Before we address the particulars of Starbucks position, a foundational question must be raised: why should Starbucks have any say in how Ethiopian coffee brands are treated as intellectual property? Just as the Starbucks Corporation likes to make business decisions on how it should protect its intellectual property without interference from competitors or suppliers, the same should hold for the Ethiopian coffee coalition.
In the 24 months since taking this position, Starbucks has failed to provide a single shred of evidence or argument to back up the claim that certification marks would provide greater benefit to farmers. In fact, in a recent interview given to The Times, CEO Jim Donald stated that he did not understand the difference between the two kinds of marks. Meanwhile, the Ethiopian coffee sector has offered compelling arguments as to why they think certification marks would not be effective. As this claim is the most technically complicated, detailed unpacking is called for. My take on why trademarks are far superior goes as follows:
1. The purpose of the certification mark is not aligned with the goal of the Ethiopian coffee sector—getting a better price for their coffee.
The primary purpose of the certification mark is to protect traditional regional foods and beverages against counterfeits and copycats (e.g., “Basmati” rice produced in Texas, American “Burgundy”). This is not the problem on the table for Ethiopian coffee producers. They are concerned with the price they get for the coffee they grow. Ethiopian branded coffees get poor prices now because their producers have no market power. Certification marks would not give Ethiopians commercial control of their coffee brands and, so, would not enhance the producers’ power to improve their profits. With the trademarks, the Ethiopian coffee sector would be able to act as a single collective economic entity and would have complete commercial control of their coffee brands: distribution channels, communications, packaging, and pricing. Trademarking would give them desperately needed leverage in the marketplace, and hopefully allow them to garner higher prices over time. If Starbucks believes in good faith that certification marks can improve profits, the onus is on the company to make the argument how this would work. Otherwise, we should assume this is obfuscating rhetoric rather than the actions of a socially responsible company.
2. Certification marks are designed to defend valuable intellectual property, not to develop economic value.
Certification marks are of little help unless producers have direct access to consumer markets and have already established valuable brands. The Economist mentions French wines as a useful analogy.
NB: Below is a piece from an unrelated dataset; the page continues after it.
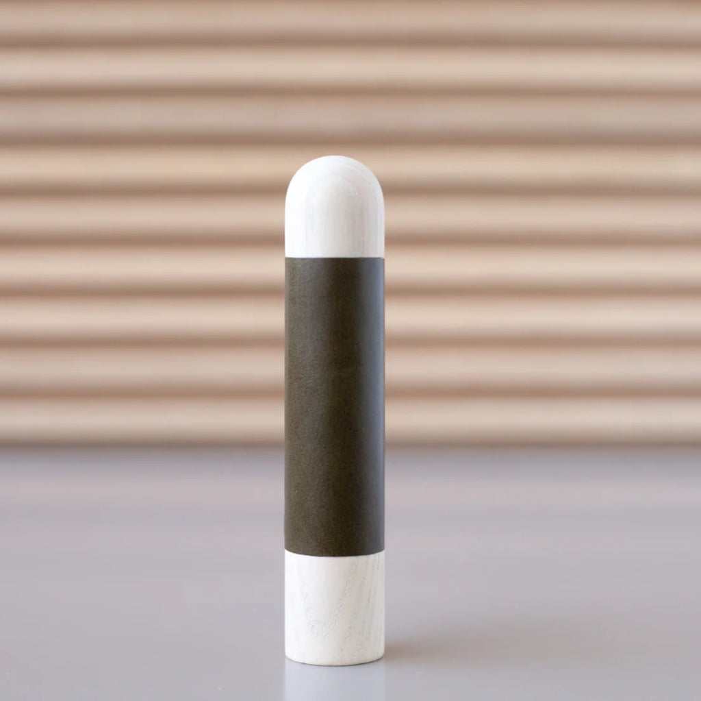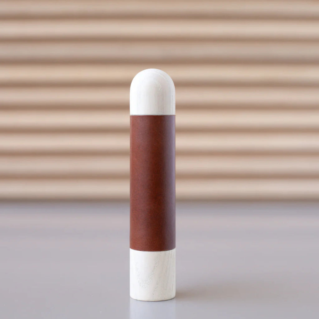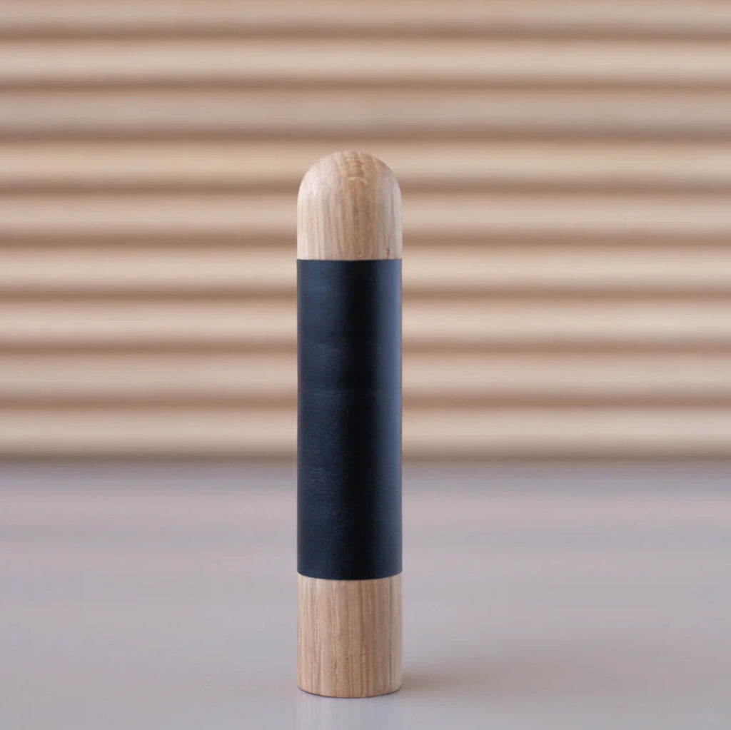 The Chapman Wood Pull with Leather by Chapman & Bose pairs solid hardwood with a hand-stitched leather grip, creating a warm, tactile accent for appliance handles, cabinet hardware, and custom millwork. The rounded form offers a soft, comfortable hand-feel, with the full leather wrap adding understated texture and material contrast.

Let’s consider Bordeaux wines then: don’t wine producers do well with their certification marks? Some of them certainly do, but this has nothing to do with certification marks. The leading chateaux earn extraordinary sums because, through centuries of marketing, they have established extremely powerful luxury consumer brands (e.g., Latour, Lafite Rochschild, Haut Brion). As a result, these producers have tremendous market power and so can sustain high wholesale prices. The same cannot be said of Bordeaux producers that do not have a famous chateau brand. Bordeaux does not command a premium in the marketplace and faces slumping demand (some would say a crisis).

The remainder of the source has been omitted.